Tama
Tojin-san wandered out into another scene of the past, and out of a longer, darker memory a woman’s cold, unsmiling face mocked him.

“Marry you!” she had cried, and not even her native courtesy could suppress the note of horror in her voice. “Oh—h!” she had cried out, covering her eyes shudderingly, “if you could but—see—yourself!”

The Tojin-san had indeed seen himself that night. Glaring back at him in a tragic grimness his own fearful face had looked at him from the mirror. Not that he had not known the blight upon him; but he had been dull, stupid, slow to realize its full horror.

Time was when the Tojin-san was as other men, smooth-skinned, level-eyed, very good to look upon. But in a God and Man forsaken little town crushed between the mountains and the sea, a young and ardent doctor of long ago had given himself up to a sublime heroism. Shoulder to shoulder with a few—one or two only beside himself—they had fought the plague of smallpox. From this fight the Tojin-san had emerged marked! With the optimism and blindness of youth, however, he had gone back to the woman he loved, and she had struck at him!
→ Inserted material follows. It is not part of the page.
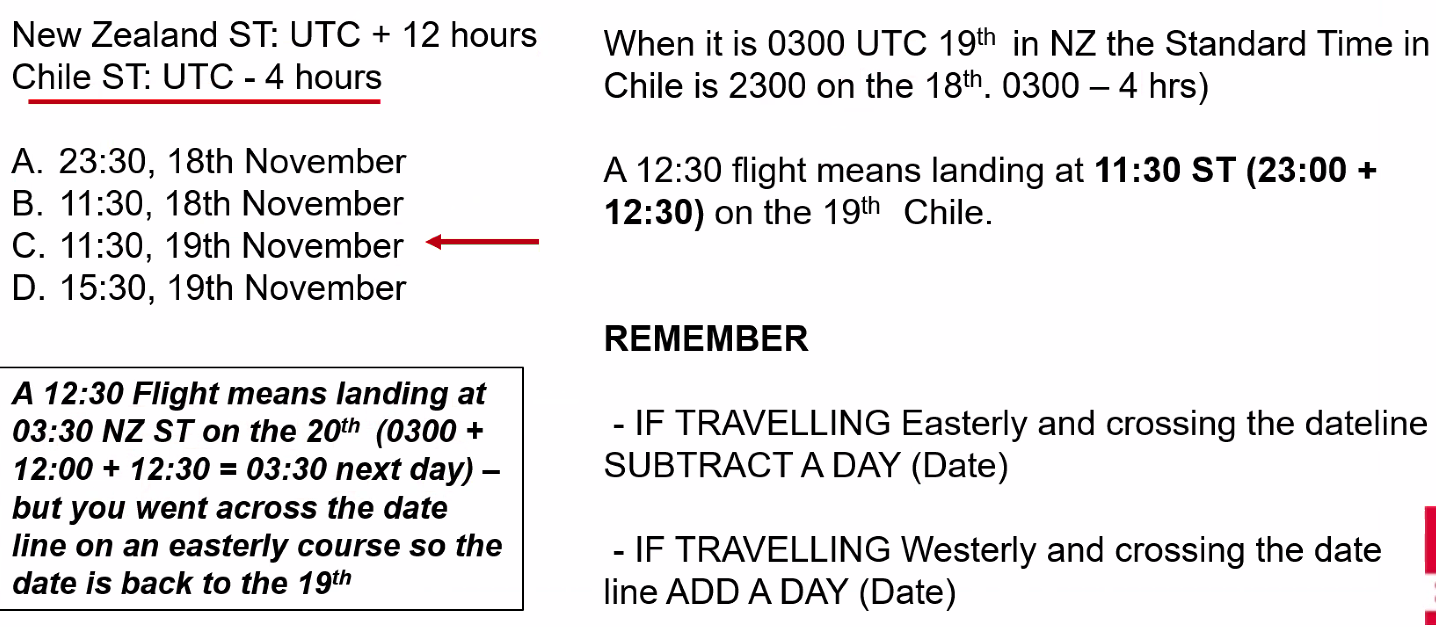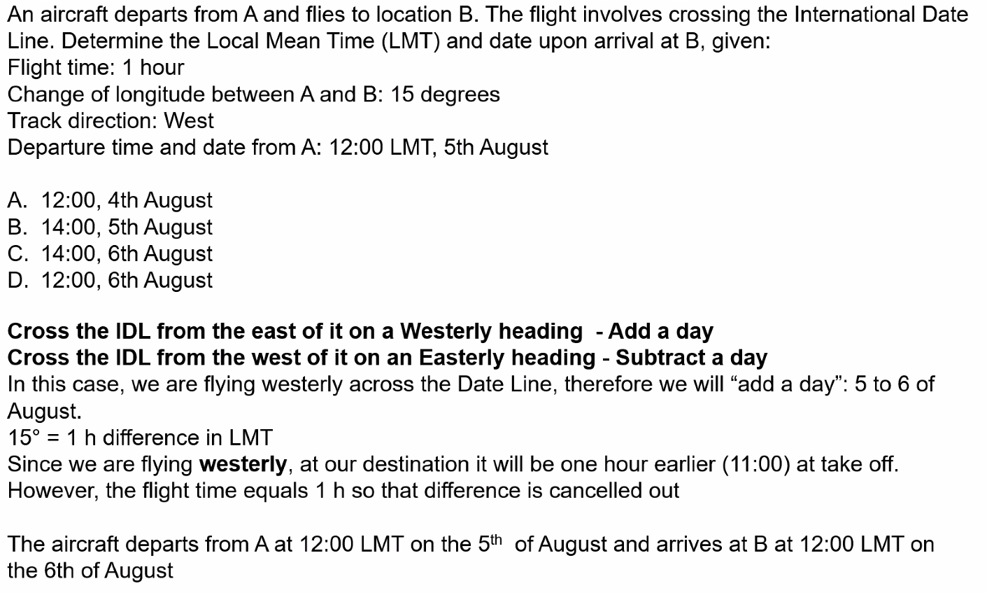 Q. An aircraft takes off from Guam (13°N 145°E) at 1900 Standard Time on 1st June local date. After a flight of 10 hours 15 mins it lands at Los Angeles (California USA). What is the Standard Time and local date of arrival (assume summer time)? A. 1215 on 1st June

There is a Japanese proverb which says: “The tongue three inches long can kill a man six feet tall.” The Tojin-san thought of this now. A woman’s tongue, the mere brutal smiting of her words, had wrought a curious effect upon his entire life. From that time on he had avoided women as he had not a vile plague. He led the life of an ascetic, wrapped in his books and sciences, making few friends, avoiding others, with the sensitive fear upon him that the whole world avoided and shrank also from him. And while still a young man—under forty—they had named him “Old Grind” at the university.

Then upon him suddenly had come a new upheaval, a pent-up, passionate longing to break away from the dull hopeless treadmill to which he seemed bound.

“Old Grind!” So age was to be clapped upon him while the vital fires of youth still throbbed in an agony in his blood. There was a new life, an exhilarating, more inspiring life to be led, out in that old-new world across the seas! It beckoned to those of adventurous souls and those who were weary of a drowsy, torpid existence, wherein hope of a new dawn had vanished beyond memory. The Tojin-san panted for this new life. He wanted to swing his arms in a wilder world, to breathe less vitiated air, to feel himself alive again! He had made of himself, for half a lifetime, a mummy for the sake of a woman he had not even really loved. It was fantastic!